Browse all 3 CVE security advisories affecting pluginsware. AI-powered Chinese analysis, POCs, and references for each vulnerability.
Pluginsware develops third-party extensions that enhance functionality for popular content management systems. Historically, the software has been susceptible to remote code execution, cross-site scripting, and privilege escalation vulnerabilities, often stemming from insufficient input validation and improper access controls. While no major public incidents have been widely reported, the three recorded CVEs highlight ongoing security concerns. The extensions typically require elevated system privileges, increasing potential impact if compromised. Security researchers have noted inconsistent security practices across different plugins, with some implementations failing to follow secure coding standards.

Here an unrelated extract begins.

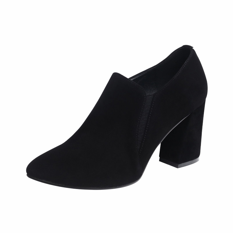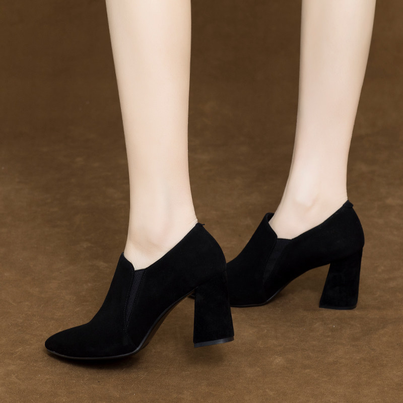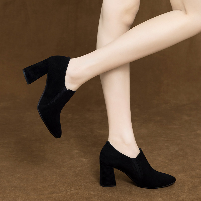 真皮鞋 2025新款 秋冬女鞋 软皮绒面深口单鞋 羊皮气质尖头粗跟高跟鞋

Users are advised to maintain current versions and carefully evaluate plugin permissions before installation.
| CVE ID | Title | CVSS | Severity | Published |
|---|---|---|---|---|
| CVE-2025-68580 | WordPress Advanced Classifieds & Directory Pro plugin <= 3.2.9 - Cross Site Request Forgery (CSRF) vulnerability — Advanced Classifieds & Directory ProCWE-352 | 4.3 | Medium | 2025-12-24 |
| CVE-2024-37501 | WordPress Advanced Classifieds & Directory Pro plugin <= 3.1.3 - Local File Inclusion vulnerability — Advanced Classifieds & Directory ProCWE-22 | 8.5 | High | 2024-07-09 |
| CVE-2024-2222 | Advanced Classifieds & Directory Pro <= 3.0.0 - Missing Authorization to Arbitrary Attachment Deletion — Advanced Classifieds & Directory ProCWE-862 | 4.3 | Medium | 2024-04-09 |
This page lists every published CVE security advisory associated with pluginsware. Each entry links to a detailed page with CVSS scoring, CWE classification, affected products and references. AI-generated Chinese analysis is provided for fast triage.